Penalty for Failure to Provide Plan Documents Cannot Be Claimed for First Time in Summary Judgment Brief 

Juan v. Minnesota Life Ins. Co. | 2016 WL 1169576 (N.D. Ga. Mar. 25, 2016)

Ms. Juan's husband, a native of Guatemala, was employed in Georgia. He participated in an ERISA plan sponsored by his employer, Shaw Industries, a company associated with Berkshire Hathaway. The plan provided a basic life insurance benefit of $30,000 and a basic accidental death insurance benefit of $30,000 under a group insurance policy issued by Minnesota Life. The policy was delivered to Berkshire Hathaway, as group policyholder, in Nebraska.

Ms. Juan's husband was murdered in Guatemala while visiting his wife, who was a resident and citizen of Guatemala. Although her husband had not designated a beneficiary, Ms. Juan was the default beneficiary under the terms of the group policy.

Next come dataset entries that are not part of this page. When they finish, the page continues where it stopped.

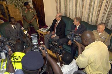 Keywords: US Navy 060418-N-2568S-004 Secretary of the Navy (SECNAV) the Honorable Dr. Donald C. Winter meets with Ghana's Minister of Defense, the Honorable Kwame Addo Kufuor.jpg en Accra Ghana April 18 2006 - Secretary of the Navy SECNAV the Honorable Dr Donald C Winter meets with Ghana's Minister of Defense the Honorable Kwame Addo Kufuor Also in the meeting were Charge d'Affairs Jerry Lanier and Defense Attache Marine Lt Col Thom Bruce SECNAV is in Africa to see first-hand the work being done by the Sailors and Marines deployed to the region U S Navy photo by Chief Journalist Craig P Strawser RELEASED 2006-04-18 060418-N-2568S-004 Navy http //www navy mil/view_image asp id 33695 U S Navy photo by Chief Journalist Craig P Strawser PD-USGov-Military-Navy United States Navy in Ghana 2006 United States Navy in Accra Donald C Winter Politicians of Ghana Military people of Ghana Military attachés from the United States |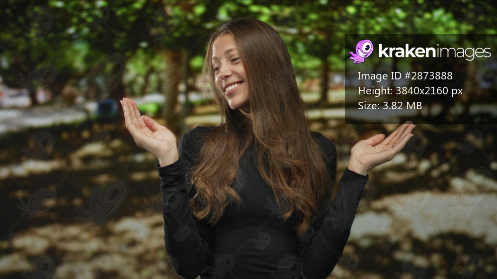 Woman smiling with hands raised palms up showing shrug gesture in sunny green park wearing black top, trees and path visible; cheerful.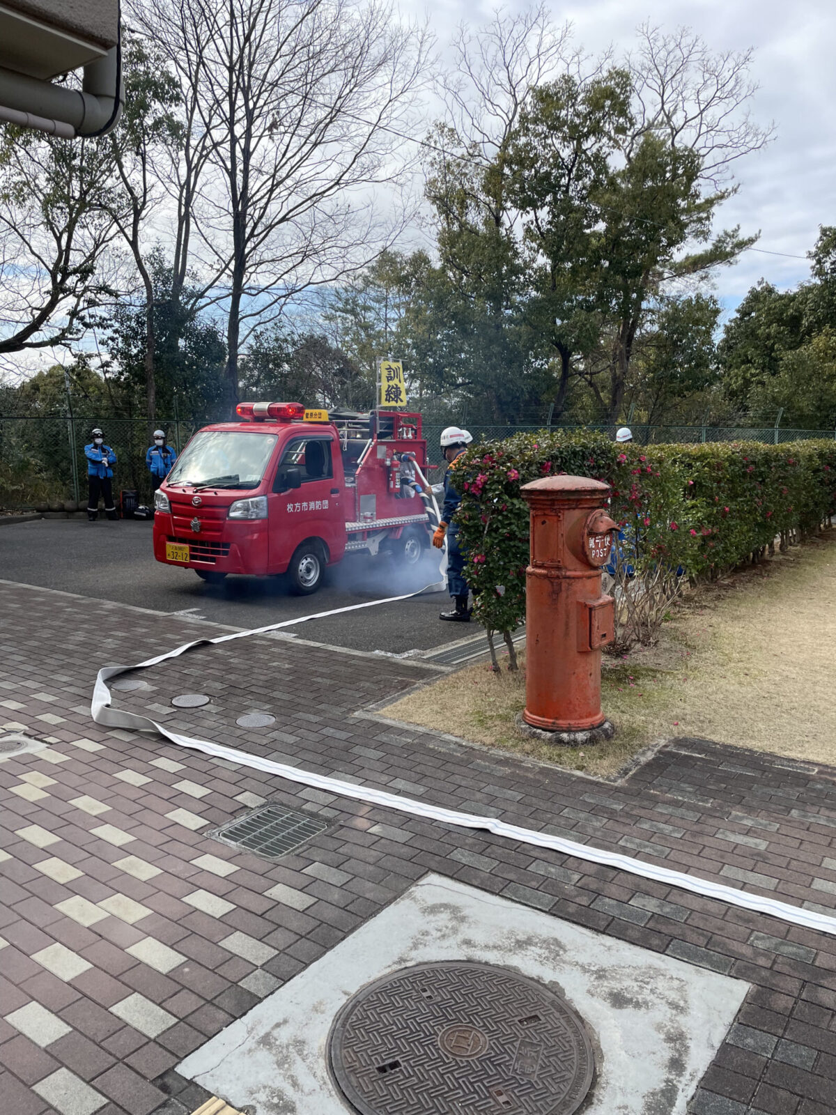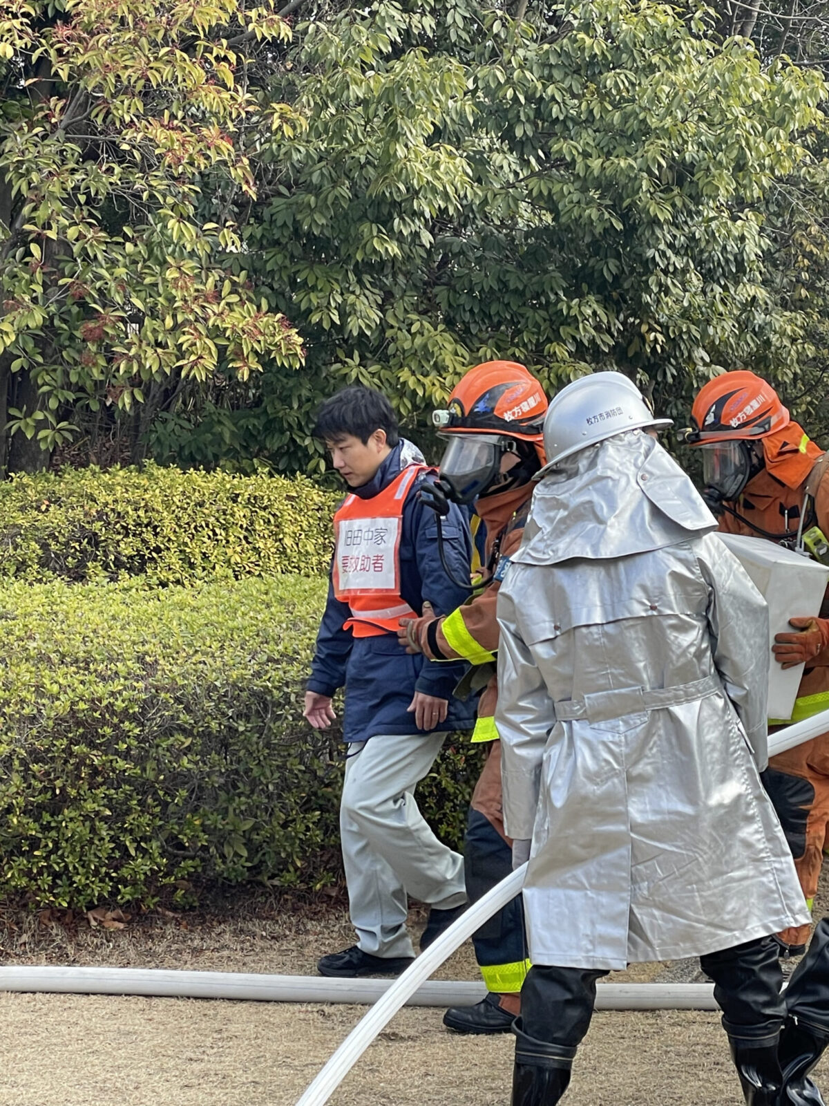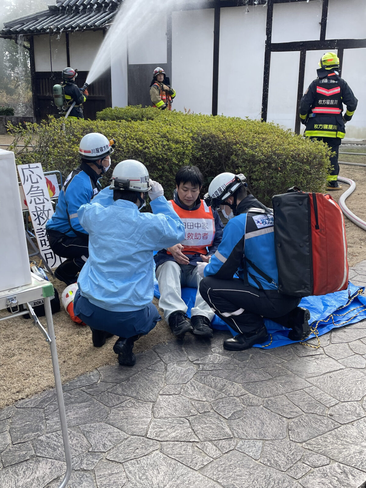 枚方市消防団、枚方寝屋川消防組合と合同で文化財を火災から守る訓練をを行いました。(令和5年1月27日)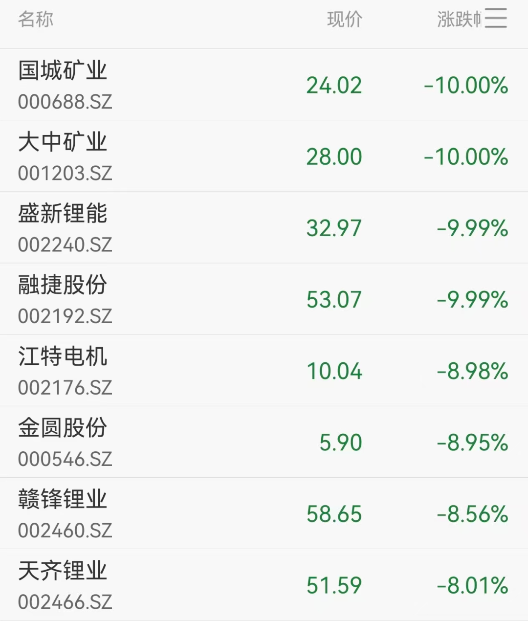 下跌方面,锂矿板块再现跌停潮,盐湖提锂、磷化工、电池回收等概念股集体走低。国城矿业、大中矿业、盛新锂能、融捷股份跌停,江特电机、金圆股份等多股跌超8%。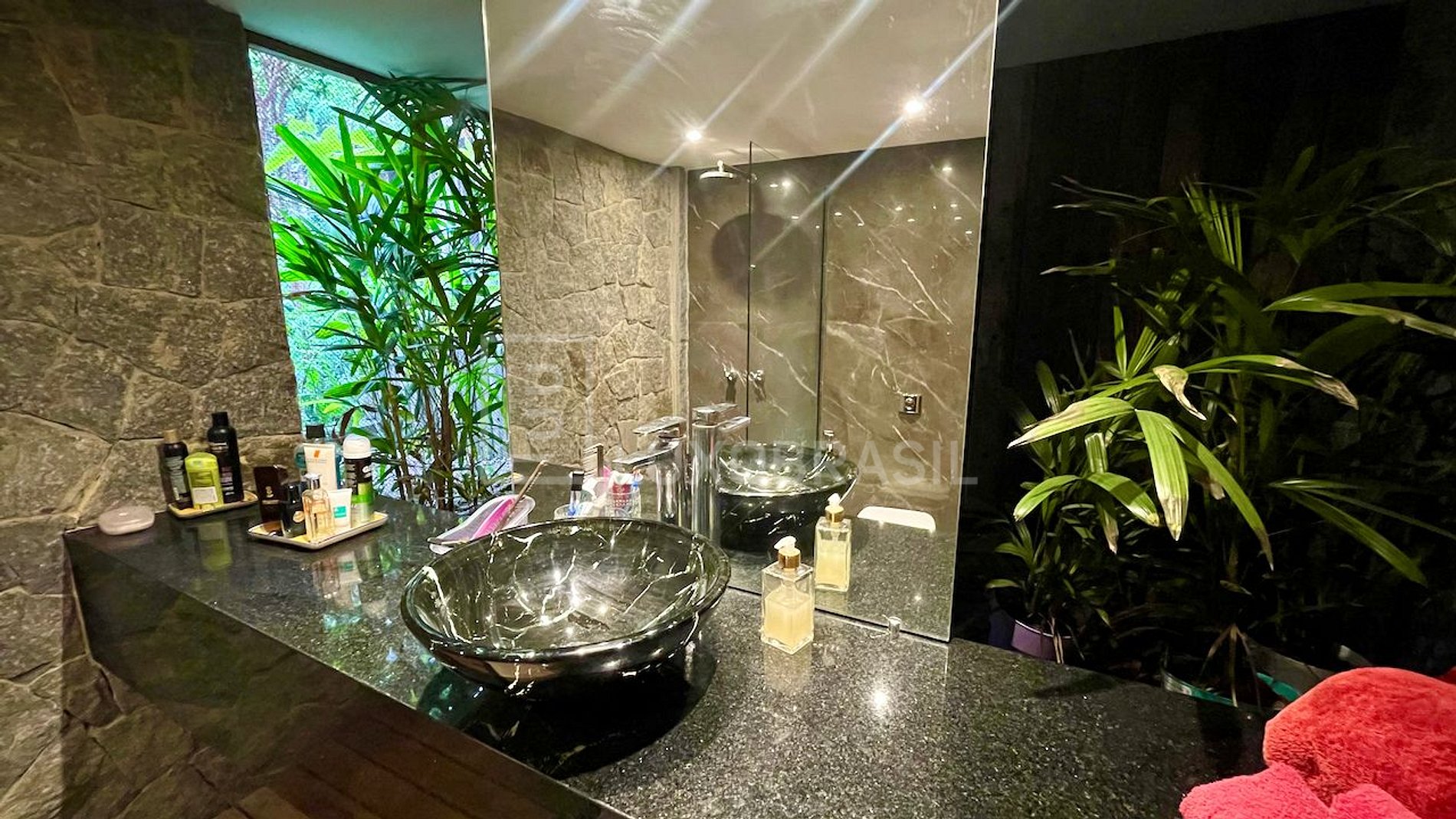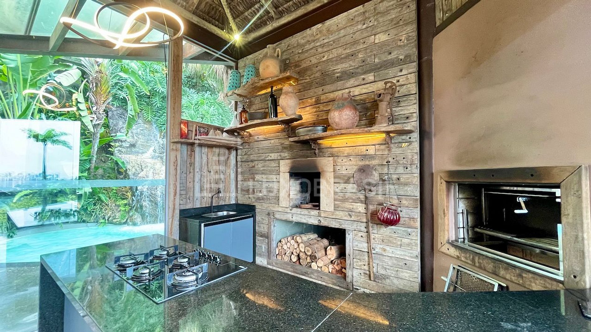 Casa exclusiva para realização de eventos diurnos. Com um projeto no estilo rústico de alto padrão, com pedras nativas, madeira vidro e uma linda vista panorâmica para as ilhas e mar da Barra da Tijuca. O pavimento para a realização do evento possui uma linda piscina com cascata, sauna, espaço gourmet com churrasqueira e forno à lenha, vasta área verde, sala de vídeo, sala de estar, ampla área com mesas e cadeiras, banheiro social, terraço com vista panorâmica e um elevador. O Espaço é 100% equipado, confortável e amplo, apropriado para pequenos eventos, além de ensaios fotográficos e filmagens. Ideal para um almoço ou jantar: cozinha totalmente equipada, com churrasqueira e forno a lenha, adega e cervejeira. Perfeito para um dia de fotos e gravação, com diferentes vistas e luz, ideal também para dia de noiva. O espaço tem elevador e conta com duas suítes e sauna seca.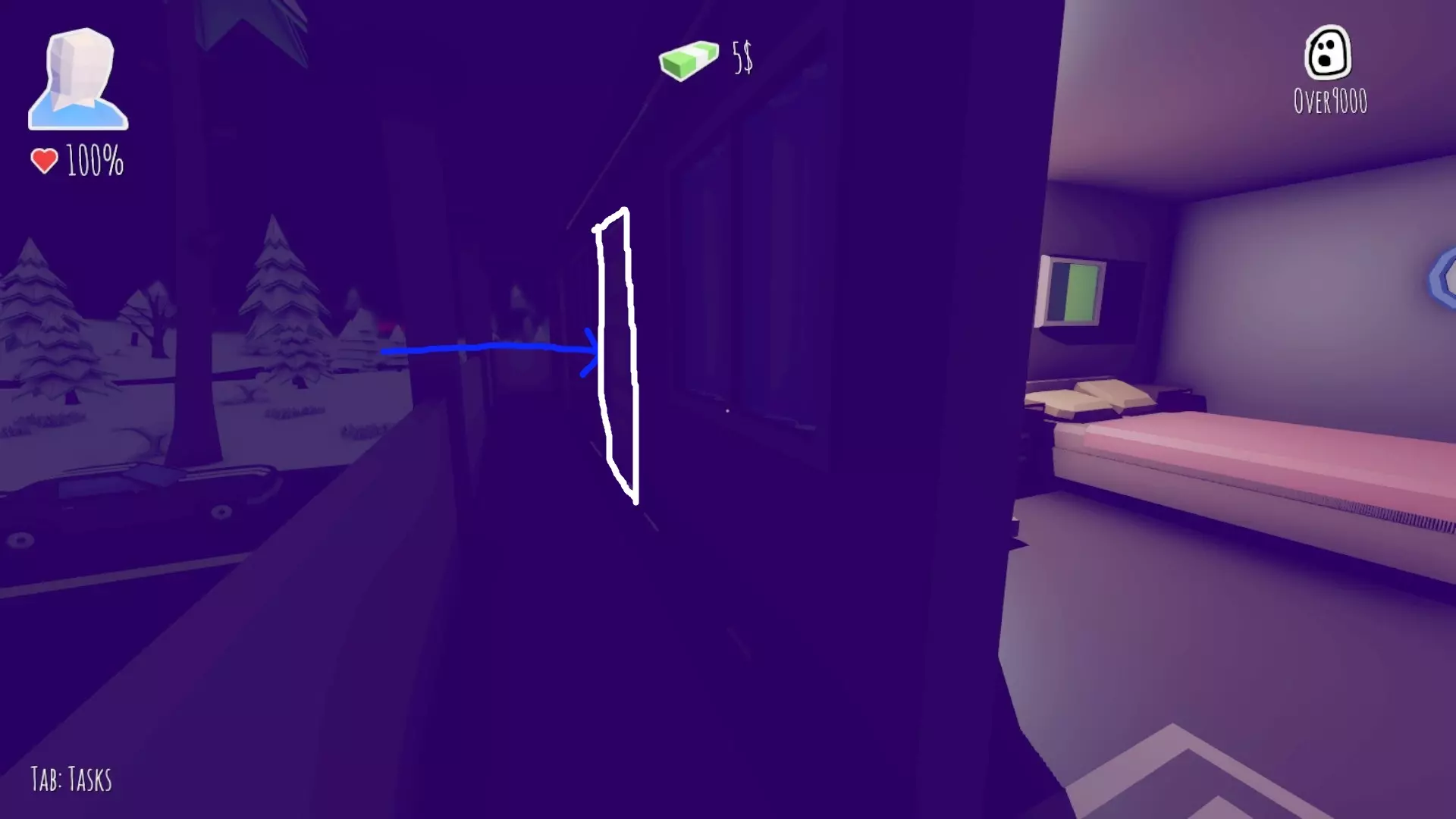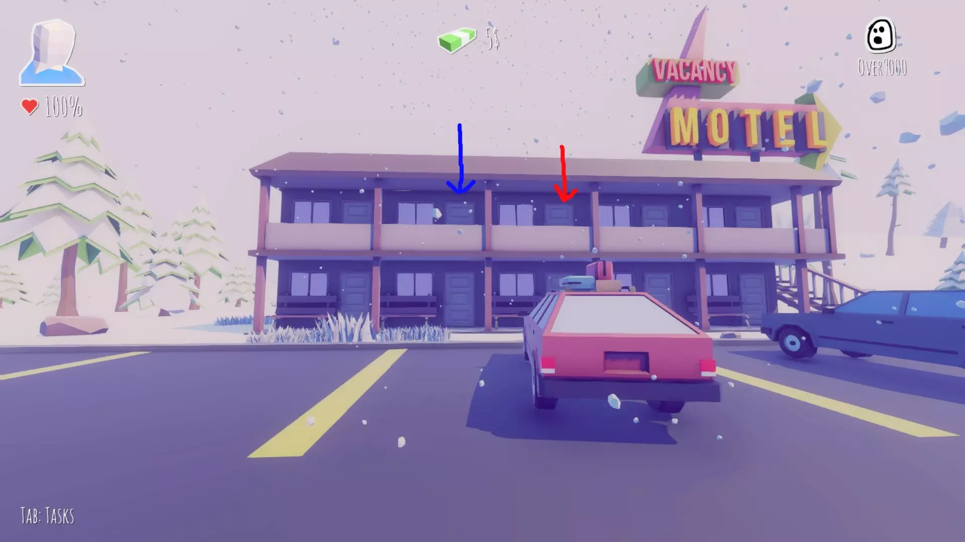 坐进车里然后开车。 汽车旅馆 在汽车旅馆停下后前往我们的房间。红色箭头是你的房间,蓝色箭头是你的邻居(记住这一点)。

Shaw Industries reported the death to Minnesota Life, which began an extended effort to obtain a certified death certificate and other documents. Minnesota Life repeatedly asked Ms. Juan's attorney to provide a completed Form W-8BEN, an Internal Revenue Form needed for the payment of benefits to a foreign national. Instead of providing the form, the attorney sued Minnesota Life, alleging breach of contract. In an amended complaint, Ms. Juan sought to recover a daily penalty from Shaw Industries under 29 U.S.C. § 1132(c)(1), alleging that the employer had failed to provide plan documents upon request.

A few weeks after the complaint was filed, Ms. Juan's attorney provided a signed Form W-8BEN. Minnesota Life paid the life insurance and accidental death insurance benefits, with interest computed at 6% per annum. The group policy provided that interest would be paid "at an annual rate determined by [Minnesota Life], but never less than 4% per year." Ms. Juan then contended that additional interest was owed under a Georgia statute.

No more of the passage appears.